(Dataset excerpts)

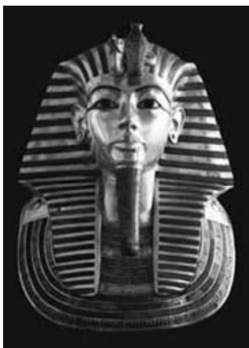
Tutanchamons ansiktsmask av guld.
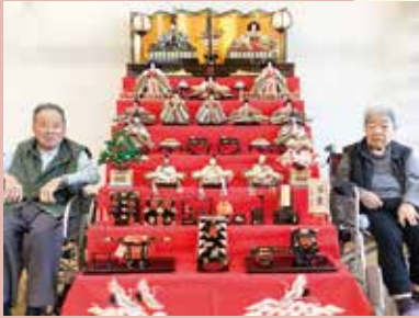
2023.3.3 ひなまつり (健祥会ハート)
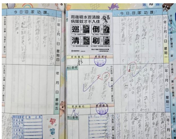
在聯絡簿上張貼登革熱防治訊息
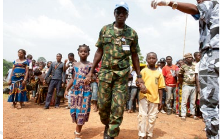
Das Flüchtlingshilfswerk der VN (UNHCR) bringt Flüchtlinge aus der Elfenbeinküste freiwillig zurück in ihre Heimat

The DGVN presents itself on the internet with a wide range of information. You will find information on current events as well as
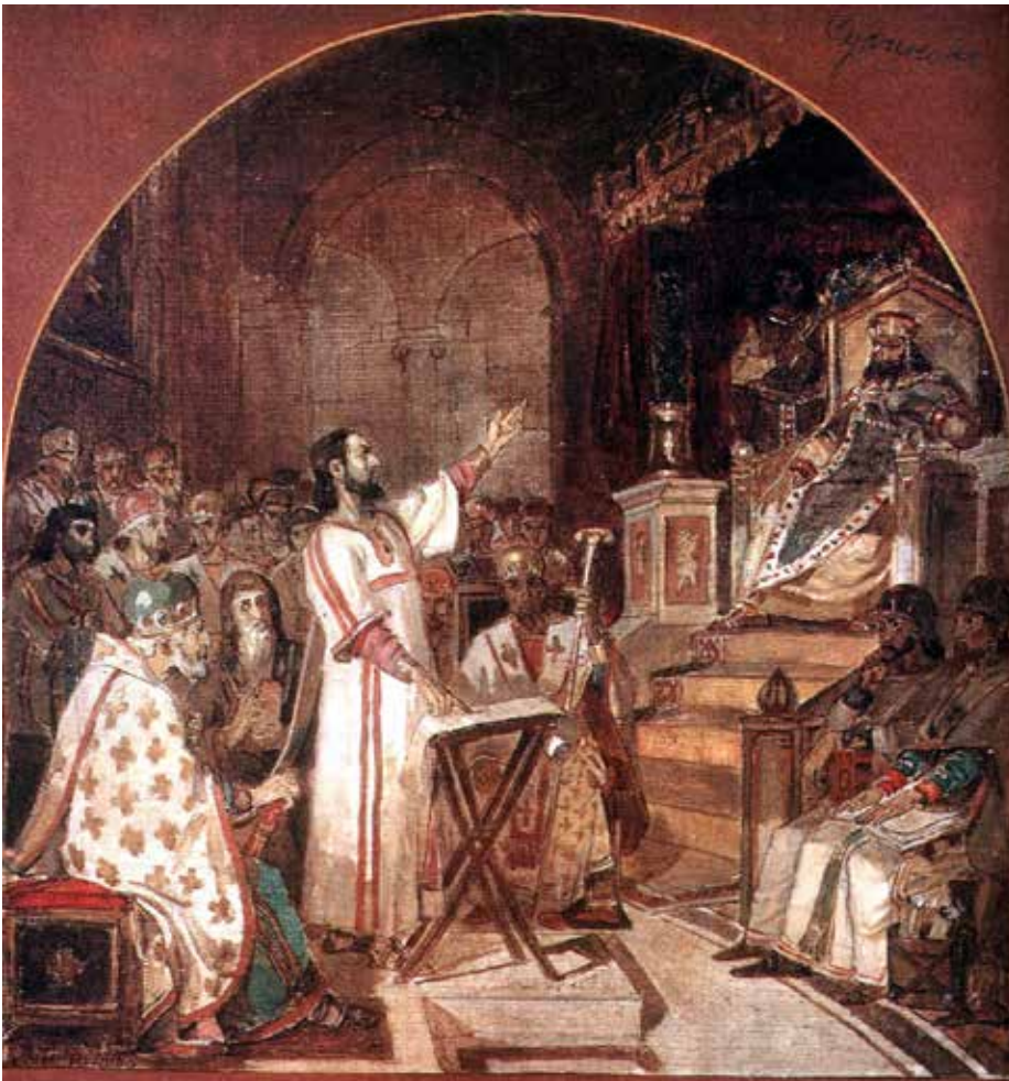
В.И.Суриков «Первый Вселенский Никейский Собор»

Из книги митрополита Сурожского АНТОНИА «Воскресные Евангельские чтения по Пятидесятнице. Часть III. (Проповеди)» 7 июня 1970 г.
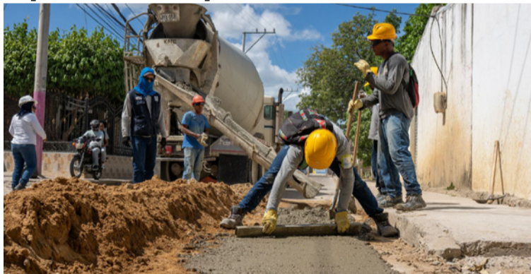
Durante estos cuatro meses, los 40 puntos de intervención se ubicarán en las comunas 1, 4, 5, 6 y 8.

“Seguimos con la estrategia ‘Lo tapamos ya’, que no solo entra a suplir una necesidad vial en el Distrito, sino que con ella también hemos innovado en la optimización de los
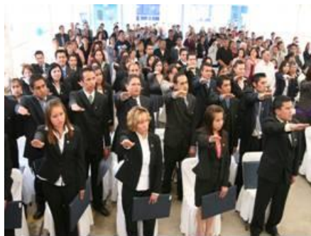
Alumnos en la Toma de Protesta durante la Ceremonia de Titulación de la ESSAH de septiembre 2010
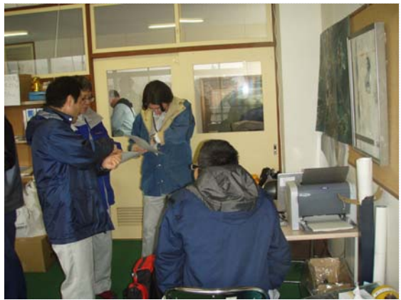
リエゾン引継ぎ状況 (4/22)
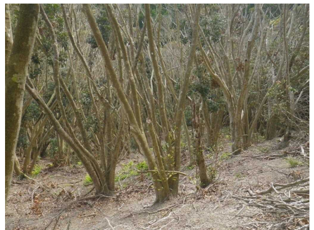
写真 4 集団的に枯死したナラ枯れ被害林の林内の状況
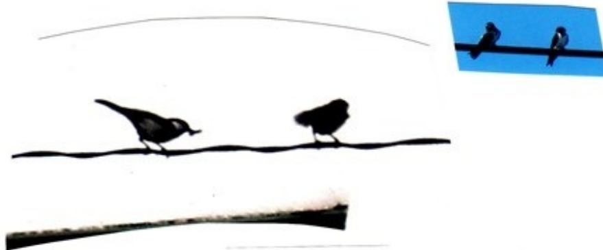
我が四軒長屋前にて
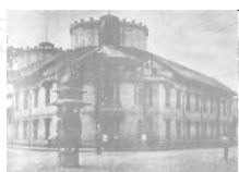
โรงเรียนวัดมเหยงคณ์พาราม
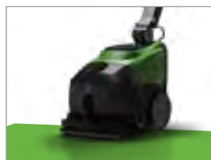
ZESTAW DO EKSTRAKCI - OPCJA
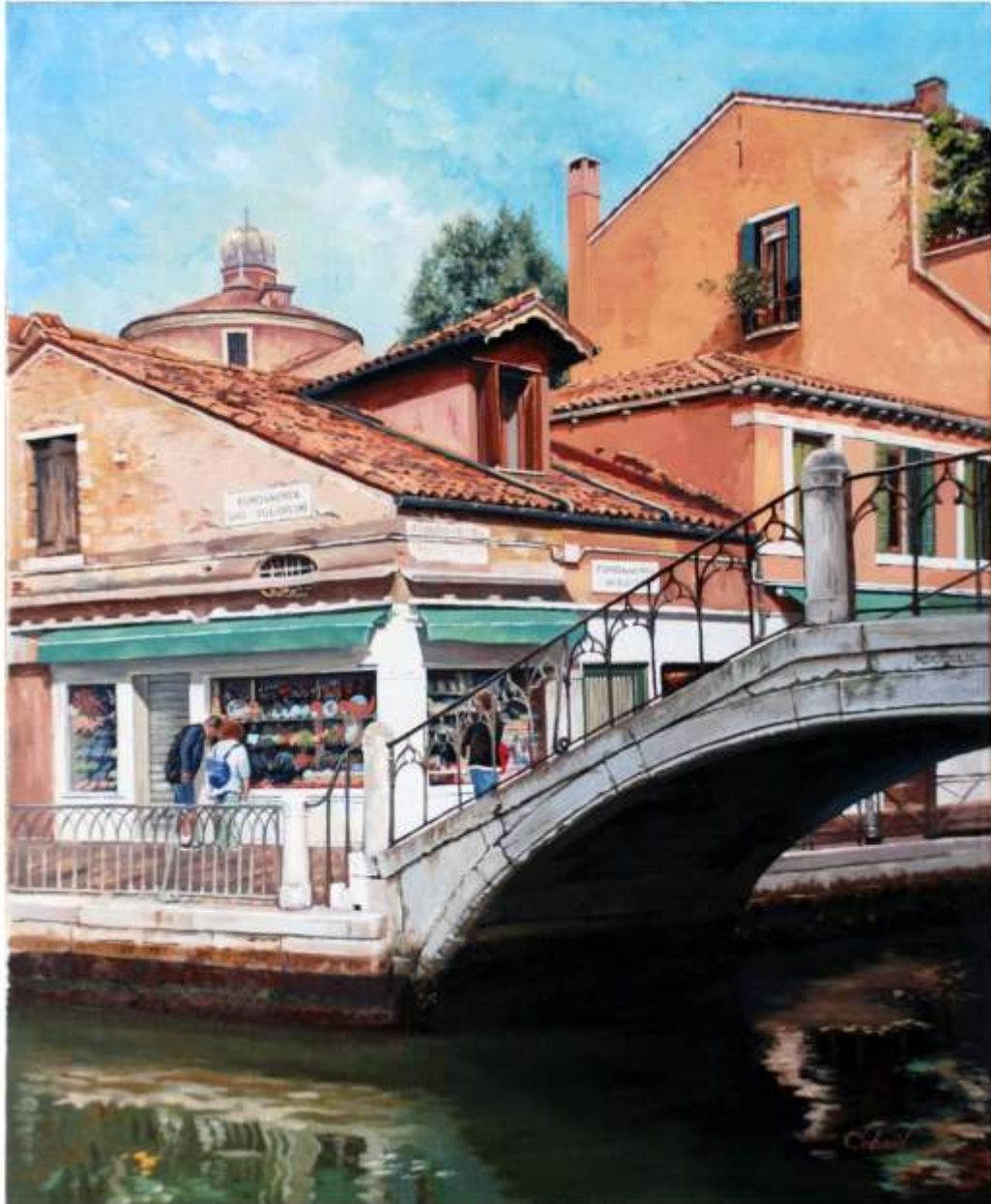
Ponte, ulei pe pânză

(WHAT NEEDS TO BE DONE) Repeat word for word, leaving out the pictures, each line of the records from the line that holds "Durante estos cuatro" through the final one.

(OUTPUT OF THE TASK)
Durante estos cuatro meses, los 40 puntos de intervención se ubicarán en las comunas 1, 4, 5, 6 y 8.

“Seguimos con la estrategia ‘Lo tapamos ya’, que no solo entra a suplir una necesidad vial en el Distrito, sino que con ella también hemos innovado en la optimización de los
Alumnos en la Toma de Protesta durante la Ceremonia de Titulación de la ESSAH de septiembre 2010
リエゾン引継ぎ状況 (4/22)
写真 4 集団的に枯死したナラ枯れ被害林の林内の状況
我が四軒長屋前にて
โรงเรียนวัดมเหยงคณ์พาราม
ZESTAW DO EKSTRAKCI - OPCJA
Ponte, ulei pe pânză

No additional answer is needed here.